GIVEN INFORMATION |
------------
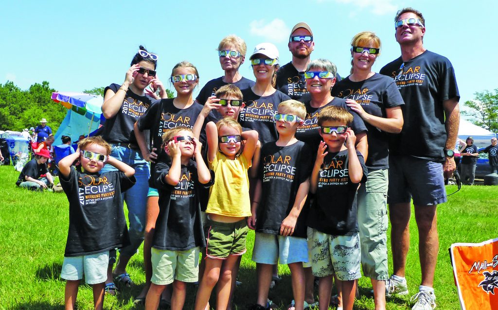 Blythewood residents Resa Cochran (pink hat) and husband Doug (far right) made the eclipse a family event for their grandchildren and other family and friends. – Photo by Kathleen Snider
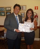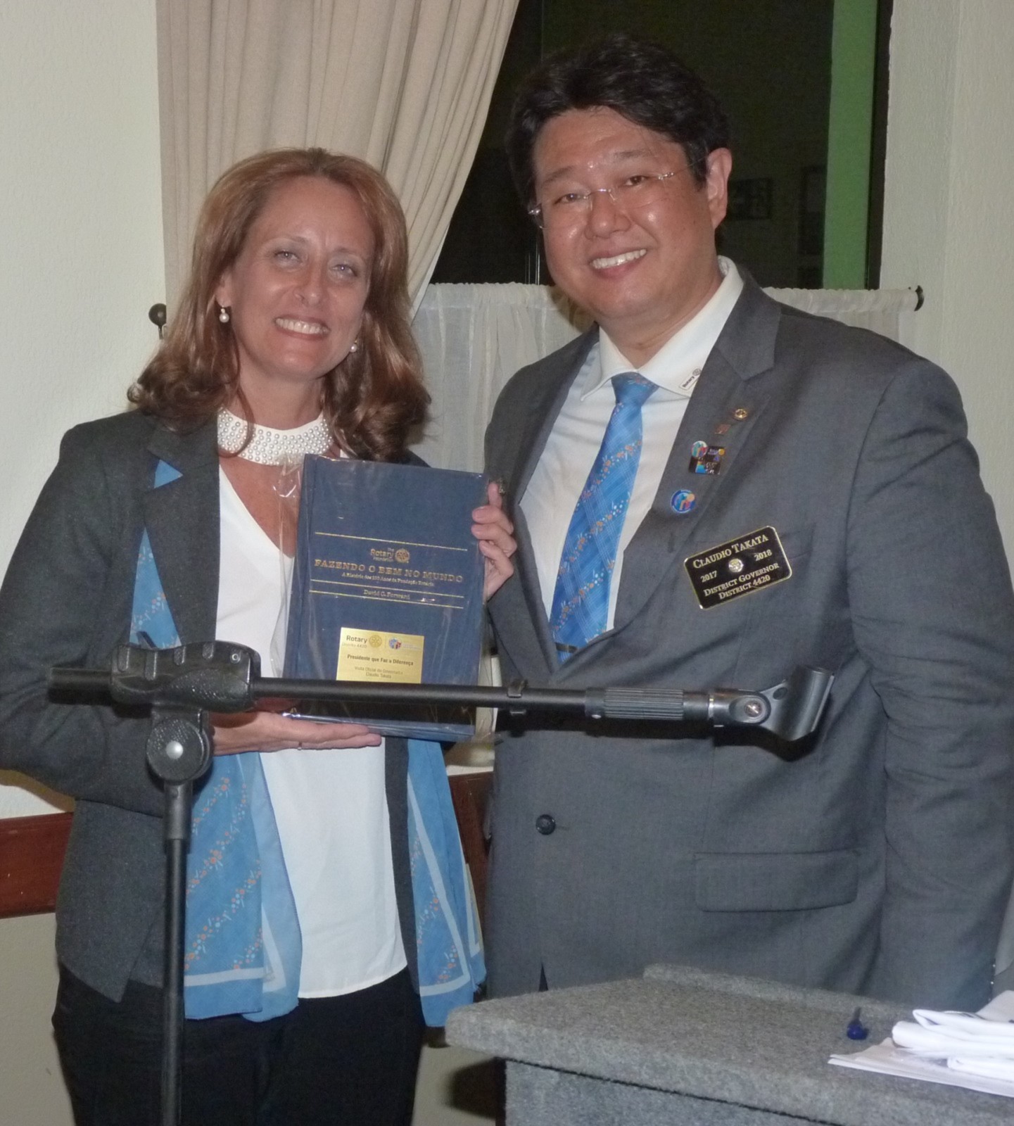 Adriana Ramires Lopo Ferraz foi homenageada na área educação. A professora recebeu das mãos do governador do Distrito 4420, um diploma de Honra ao Mérito em forma de reconhecimento e agradecimento por ser a educadora do ano.
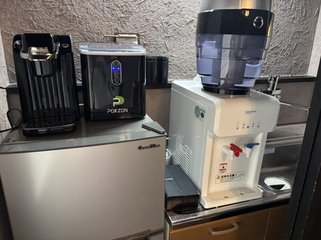 コーヒーマシンにはコーヒーと抹茶入り緑茶があり、おいしくいただきました。
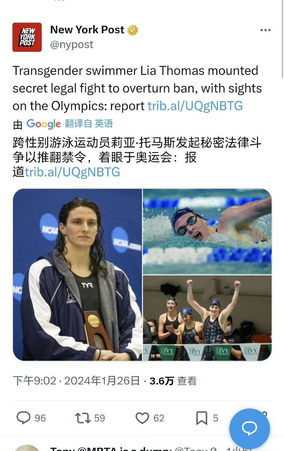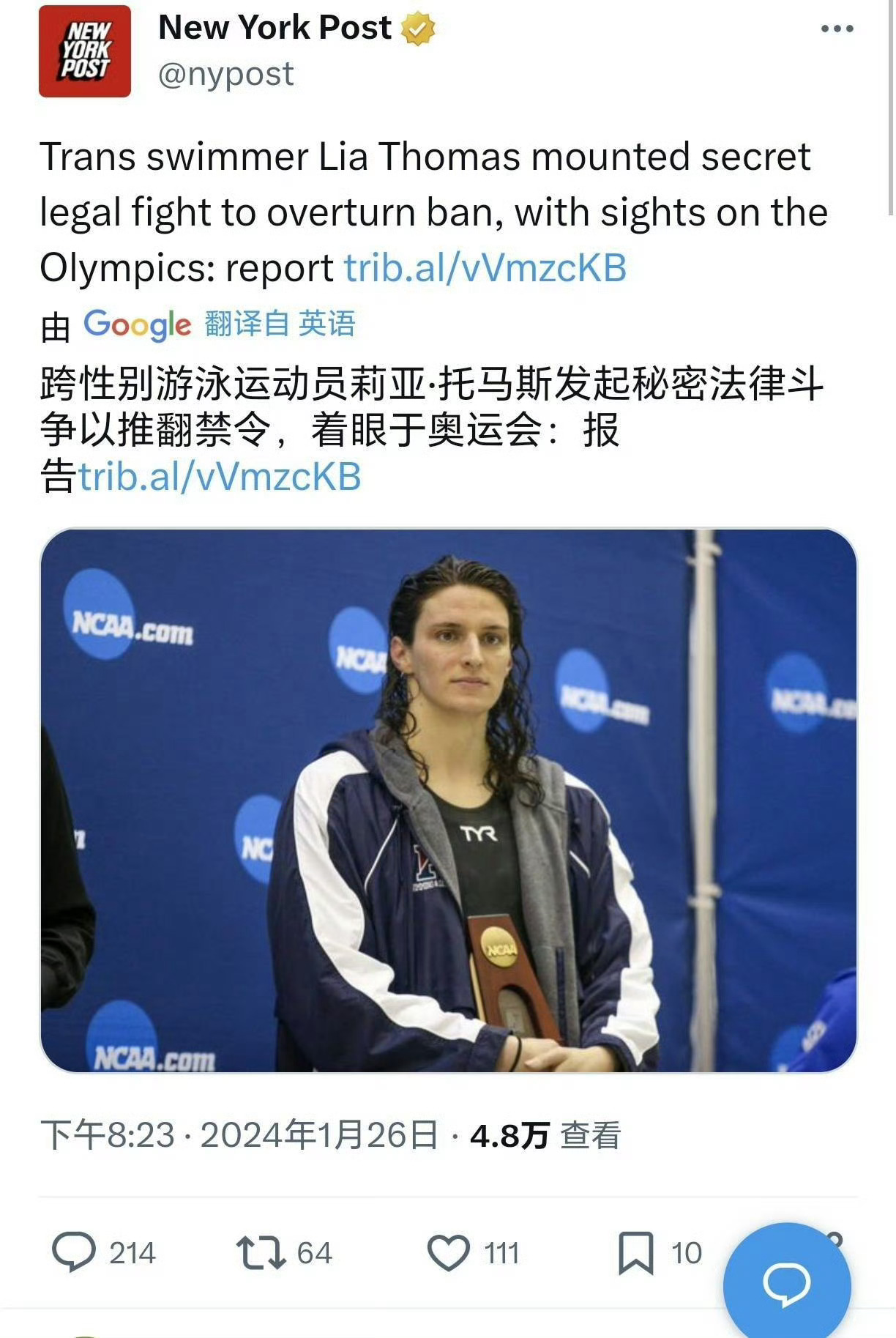 著名跨性别运动员lia Thomas曾发文抗议特朗普特朗普抢功奥运会女性参赛新规 这人我之前发过。Lia Thomas,生理性别为男,但自认为女性,并在美国国内参加女子比赛。原本只是一名普通的男子游泳运动员,在男子游泳里面成绩不入流,在宣布自我认同为女性后,未做手术便参加女子比赛,且屡次获奖。
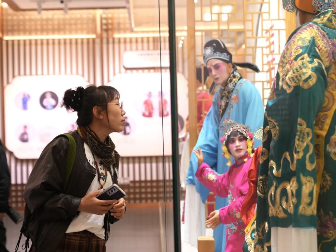 嘉宾驻足吕剧展柜前,沉浸式欣赏戏曲人物蜡像与华美戏服。精致的妆造、绣工繁复的戏衣,复刻了吕剧经典剧目的艺术风貌,尽显国家级非遗吕剧的文化底蕴与艺术魅力。
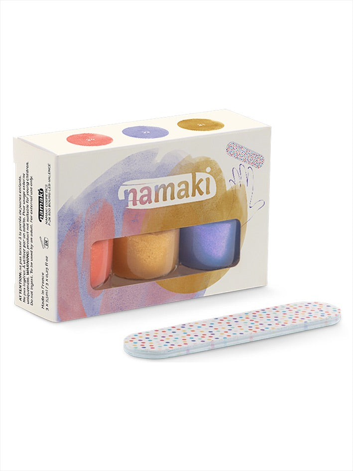 Explore the vibrant range of colours of Namaki Water-based Nail Varnish Kit. This easy to use nail polish dries quickly, and can be peeled off like a sticker when it's time to remove - no need for nail polish remover! A quick and easy way for kids to add colour to their nails, Namaki Nail Polish is free from parabens, formaldehyde, phthalates, toluene, camphor and nanoparticles, making them completely safe for kids. Perfect for dressing up days, fancy dress parties and everyday creative play.
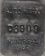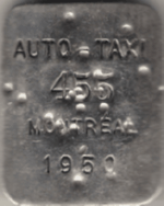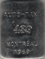 ![]() ![]() 1968 AUTO-TAXI BADGE AND LICENSE PLATE | ![]() ![]() 1969 AUTO-TAXI BADGE AND LICENSE PLATE |
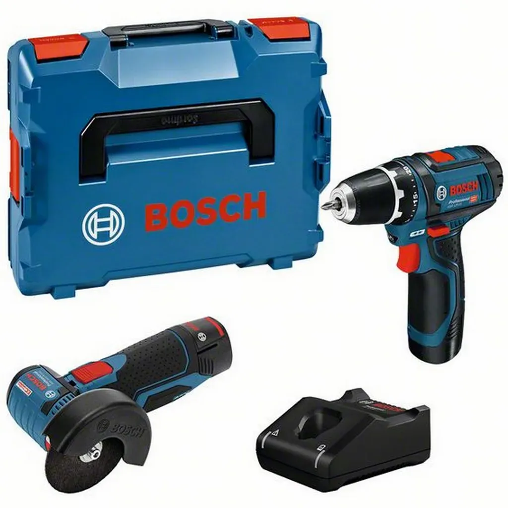 Auf Lager Versand durch AmazonBosch Professional 12V System Combo Kit: Winkelschleifer GSR 12V-15 + Bohrschrauber GWS 12V-76 (inkl. 2x 2.0Ah Akku, Ladegerät GAL 12V-40, L-BOXX)
------------
Pictures stay out; everything else in the entries is copied exactly.

YOUR RESPONSE |
 Blythewood residents Resa Cochran (pink hat) and husband Doug (far right) made the eclipse a family event for their grandchildren and other family and friends. – Photo by Kathleen Snider
 Adriana Ramires Lopo Ferraz foi homenageada na área educação. A professora recebeu das mãos do governador do Distrito 4420, um diploma de Honra ao Mérito em forma de reconhecimento e agradecimento por ser a educadora do ano.
 コーヒーマシンにはコーヒーと抹茶入り緑茶があり、おいしくいただきました。
 著名跨性别运动员lia Thomas曾发文抗议特朗普特朗普抢功奥运会女性参赛新规 这人我之前发过。Lia Thomas,生理性别为男,但自认为女性,并在美国国内参加女子比赛。原本只是一名普通的男子游泳运动员,在男子游泳里面成绩不入流,在宣布自我认同为女性后,未做手术便参加女子比赛,且屡次获奖。
 嘉宾驻足吕剧展柜前,沉浸式欣赏戏曲人物蜡像与华美戏服。精致的妆造、绣工繁复的戏衣,复刻了吕剧经典剧目的艺术风貌,尽显国家级非遗吕剧的文化底蕴与艺术魅力。
 Explore the vibrant range of colours of Namaki Water-based Nail Varnish Kit. This easy to use nail polish dries quickly, and can be peeled off like a sticker when it's time to remove - no need for nail polish remover! A quick and easy way for kids to add colour to their nails, Namaki Nail Polish is free from parabens, formaldehyde, phthalates, toluene, camphor and nanoparticles, making them completely safe for kids. Perfect for dressing up days, fancy dress parties and everyday creative play.
 ![]() ![]() 1968 AUTO-TAXI BADGE AND LICENSE PLATE | ![]() ![]() 1969 AUTO-TAXI BADGE AND LICENSE PLATE |
 Auf Lager Versand durch AmazonBosch Professional 12V System Combo Kit: Winkelschleifer GSR 12V-15 + Bohrschrauber GWS 12V-76 (inkl. 2x 2.0Ah Akku, Ladegerät GAL 12V-40, L-BOXX)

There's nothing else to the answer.